Introduction

Lung cancer is the leading cause of cancer-related death, leading to 1.6 million deaths worldwide in 20121. Although cigarette smoking is the major cause of lung cancer, genetic factors may also play a critical role in lung cancer risk. Recent genome-wide association studies (GWAS) have identified numerous loci related to lung cancer risk2,3,4,5,6,7,8,9,10,11. However, because of the stringent screening criteria of GWAS, these loci account for only a small fraction of familial risk of lung cancer. Moreover, limited by the number of sites in the array, many single nucleotide polymorphisms (SNPs) in key genes were not included in reported GWAS studies. An effort on candidate gene strategies might help to uncover the missing heritability12.

The mutation patterns of cancer genome are the aggregate outcome of multiple mutational processes leaving a characteristic mutational signature determined by the mechanisms of DNA damage and repair. APOBEC belongs to the family of cytidine deaminases and functions in RNA editing, humoral or innate immunity and DNA demethylation by catalyzing deamination of cytidine to uracil in single-stranded DNA (ssDNA) or RNA13,14,15. It was recently proposed to play an important role in generating particular genome-wide mutational signatures and induce clusters of localized hypermutation in human cancer genomes, named “kataegis”16,17. The study of APOBEC signature mutation based on whole-exome sequence data from The Cancer Genome Atlas (TCGA) suggests that cytosine deamination catalyzed by APOBEC enzymes is a mutagenic mechanism in multiple cancer types, including lung cancer18,19. Results from next-generation sequencing further showed that APOBECs induced base substitutions in tumor genomes with a stringent TCW motif (where W corresponds to either A or T) and this pattern was widespread in multiple human cancers20. Moreover, higher expression of APOBEC3B was identified significantly associated with the increased APOBEC signature mutations in lung cancer21,22.
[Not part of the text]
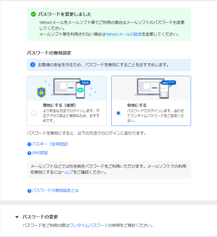 (11月19日 追記)ロ―カルさんがYahoo!のパスワード変更ページで「パスワードを有効にする」に出来ないという問題で困っていらっしゃいました。最終的にGmailに乗換えてもらいました。

However, even though the role of APOBEC in lung cancer genome has been identified, the association between genetic variants of APOBEC genes and susceptibility of lung cancer is still unknown. Here, we systematically screened common missense variants with predicted damaging effects in the exon regions of 10 APOBEC core genes (APOBEC1, APOBEC2, APOBEC3A, APOBEC3B, APOBEC3C, APOBEC3D, APOBEC3F, APOBEC3G, APOBEC3H, and APOBEC4) and conducted a case-control study including 1,200 cases and 1,253 controls to investigate the associations between these variants and lung cancer risk.

Results

As shown in Table 1, the distributions of age and gender between the two groups were comparable. The proportion of smokers was significantly higher in lung cancer cases than those in controls (61.34% vs. 48.36%).

Table 1 Demographic characteristics of the subjects in this study.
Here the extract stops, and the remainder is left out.